Abdominal discomfort, jaundice, and fever or chills are all symptoms (Charcot triad). The abdomen is uncomfortable, and the liver is frequently sensitive and swollen (possibly containing abscesses). Confusion and hypotension, stomach discomfort, jaundice, and fever or chills (Reynolds' pentad) all indicate a 50% fatality probability and significant morbidity.


Preventing bile duct stones

There is no way to completely avoid gallstones, which can develop in even the healthiest, youthful, or most active persons. People can, however, take precautions to lessen their risk. These precautions are especially critical for those with a family history of gallstones or other risk factors, such as obesity.

Preventive measures include:

  • Eating a lower fat diet: People might concentrate on avoiding items that are high in fat but poor in nutritional value, such as potato chips and fried dishes. They can substitute more healthful fats, such as avocado and fish oil, for these items.
  • Adding more fiber: This may be accomplished by consuming more whole grains, fruits, and vegetables.
  • Attaining a moderate body weight: If required, a mix of nutrition and exercise, with an emphasis on becoming more physically active, can help people lose weight.
  • Avoiding crash diets and extremely low calorie diets: These diets may actually increase the likelihood of developing gallstones.
  • Talking with a doctor about medications: Some medications, such as birth control pills, have been linked to an increased risk of gallstones.
  • Seeking excellent prenatal care during pregnancy: People should also notify their doctor if they have any odd or new stomach discomfort while pregnant.

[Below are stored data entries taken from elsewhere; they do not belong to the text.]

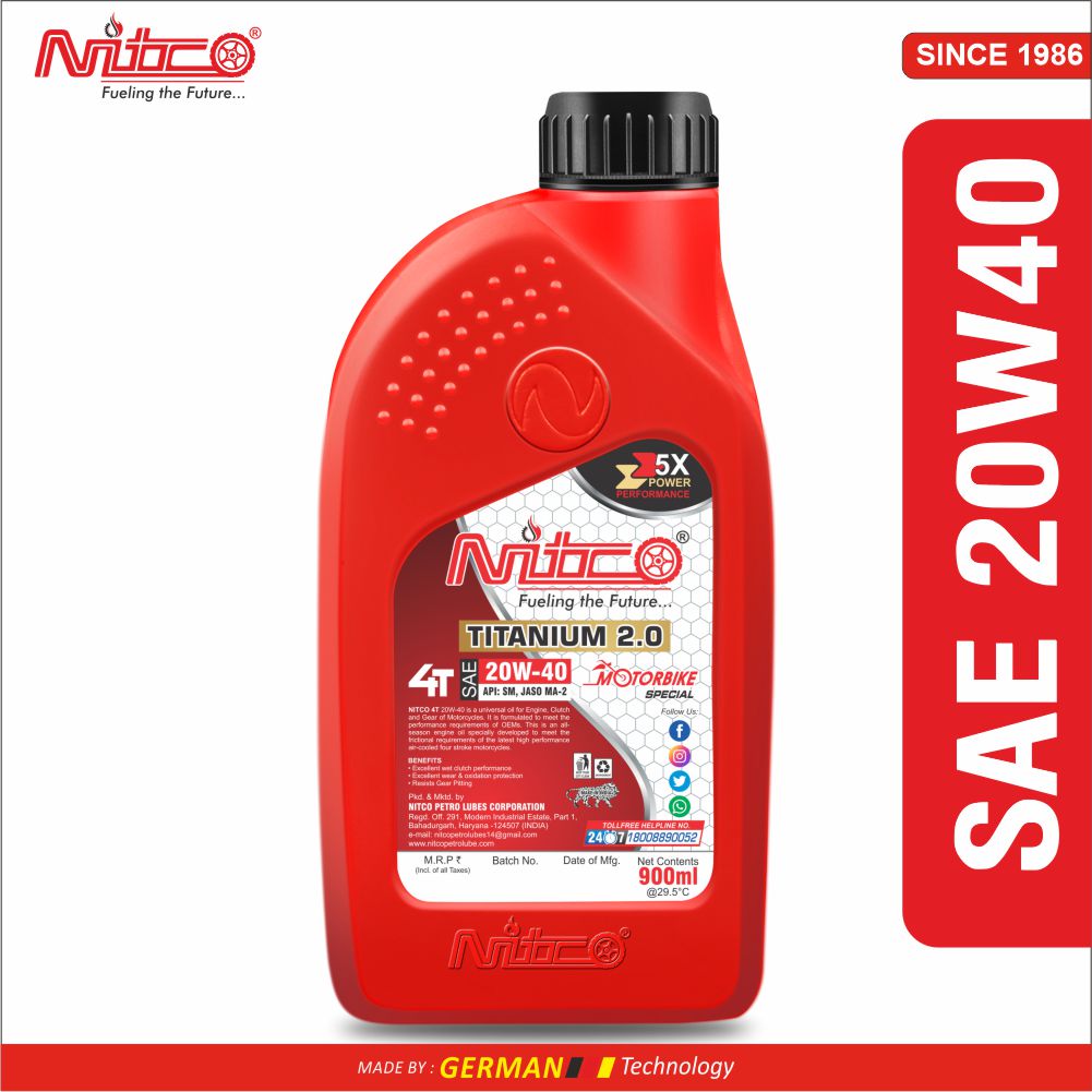 Nitco Titanium 2.0 Synth 4-T is a premium 4-stroke engine oil company (SAE 20W40) formulated with Protective Synthetic Chemistry for high-performance two-wheeler engine oil. It ensures strong lubrication, total engine protection against rust and corrosion, and reduced wear across a wide temperature range, ideal for new-generation air-cooled 4-stroke engine oil motorcycles. Nitco Lubricants a reliable bike engine oil manufacturer ensures high-quality two-wheeler engine oil for smooth performance and engine protection. Choosing a reputed engine oil company helps reduce friction, enhance fuel efficiency, and extend engine life. Whether for daily rides or long journeys, premium engine oil keeps your bike running efficiently and reliably.
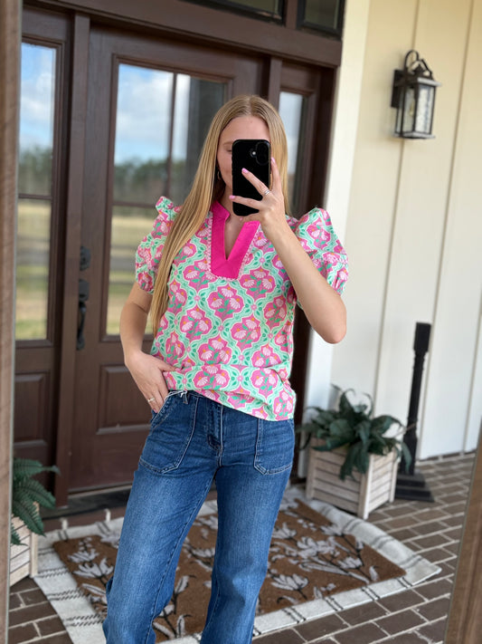 Pink and Green Floral Blouse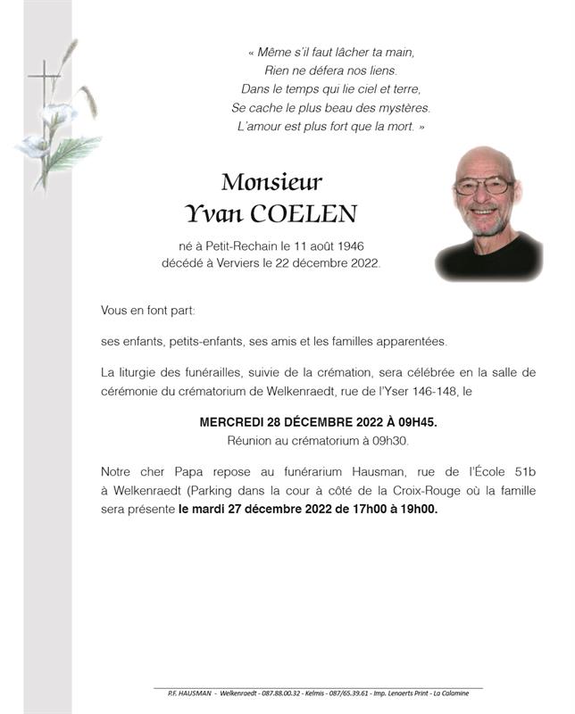 Overleden te Verviers (4800) op donderdag 22 december 2022 op 76-jarige leeftijd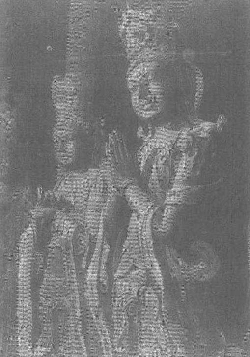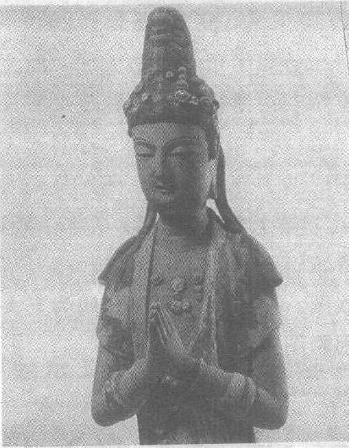 辽重熙七年(公元1038年)。通高3.02米。山西省大同市华严寺薄迦教藏殿内塑像。这尊菩萨上身微裸,天衣绕肩飘然垂于脚下。头戴装饰精美的花冠,身佩塑造细腻的璎珞和臂钏,腰胯轻移,亭亭玉立。脸庞丰腴圆润,头微低,目下视,合十含笑,正沉入参禅悟道的虔诚之中。虽为神像,但其面貌和体态不失凡人少女的美丽和风韵。塑造技艺娴熟潇洒。塑像风格较唐代增加了轻盈和灵秀之美,更符合现代审美观。这尊拨动人们心弦,增添心灵圣洁感的塑像是华严寺中的名尊,也是辽代彩塑艺术的珍品。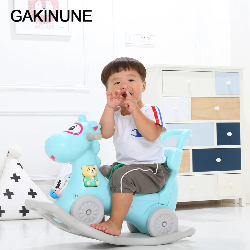 GAKINUNE Children Unicorn Rocking Horse for Toddlers Trojan Horse Dual Use Baby Ride On Toys 1-3 Ye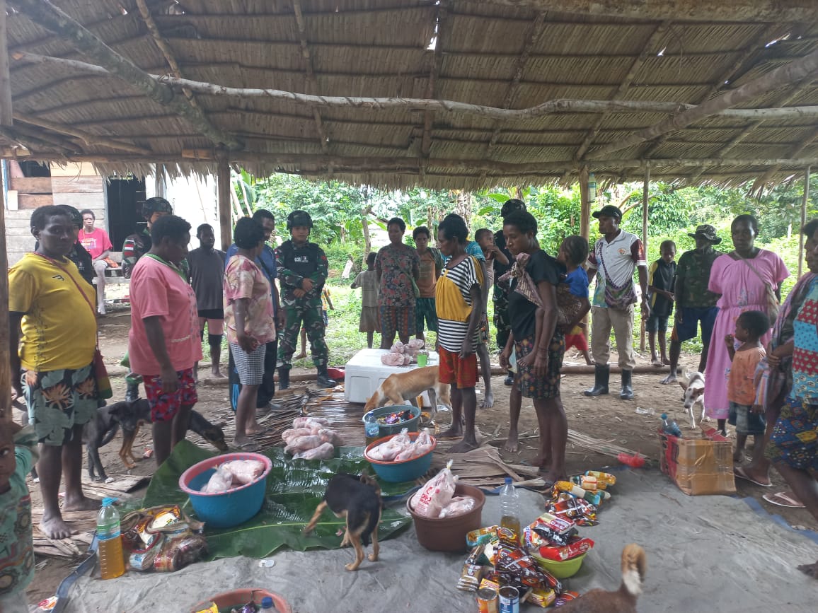 Kegiatan Komsos kepada Masyarakat kampung Epame dilaksanakan bersamaan dengan pendistribusian bantuan dari dinas sosial berupa sembako dan daging ayam.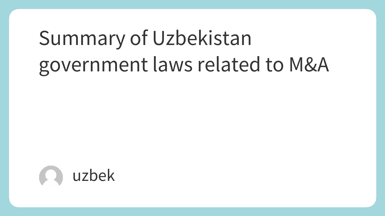 We have compiled a list of Uzbekistan's main M&A laws from an expert's perspective. The main laws and their key points are summarized in the table below.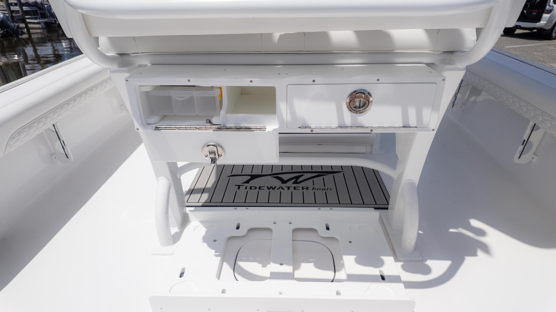 This boat truly shines when it comes to entertaining and enjoying the aquatic lifestyle. The comfortable seating throughout, including bow seat cushions and a stern flip-up bench, ensures everyone has a prime spot. And with thoughtful features like motion-activated interior and storage lighting, your evenings on the water will be just as enjoyable as your days. Whether you're an avid angler who enjoys a social outing or simply someone who loves to gather friends and family for sun-drenched adventures, the 2500 CB Tidewater with its Yamaha motor is your perfect match.

The common bile duct stone (CBD stone) is a reasonably common condition, with an incidence of 10-20% in individuals with gallstones. This is also linked to severe consequences such as obstructive jaundice, acute suppurative cholangitis, and acute pancreatitis. The most crucial aspect of CBD stone management is early diagnosis and timely treatment. Endoscopic ultrasonography and magnetic resonance cholangiopancreatography show great sensitivity, specificity, and accuracy for the identification of CBD stones, according to a recent meta-analysis.

Endoscopic ultrasonography, in particular, has been shown to be more sensitive than others. A therapeutic regimen for individuals with symptomatic gallstones is given according on whether they are at low, moderate, or high risk of CBD stones.

In high-risk patients with gallstones and CBD stones, if competence, operating time, and tools are available, single-stage laparoscopic CBD exploration and cholecystectomy is preferable to ERCP with laparoscopic cholecystectomy in terms of technical success and shorter hospital stay. In several hospitals, patients with CBD stones and gallstones are treated with ERCP combined laparoscopic cholecystectomy.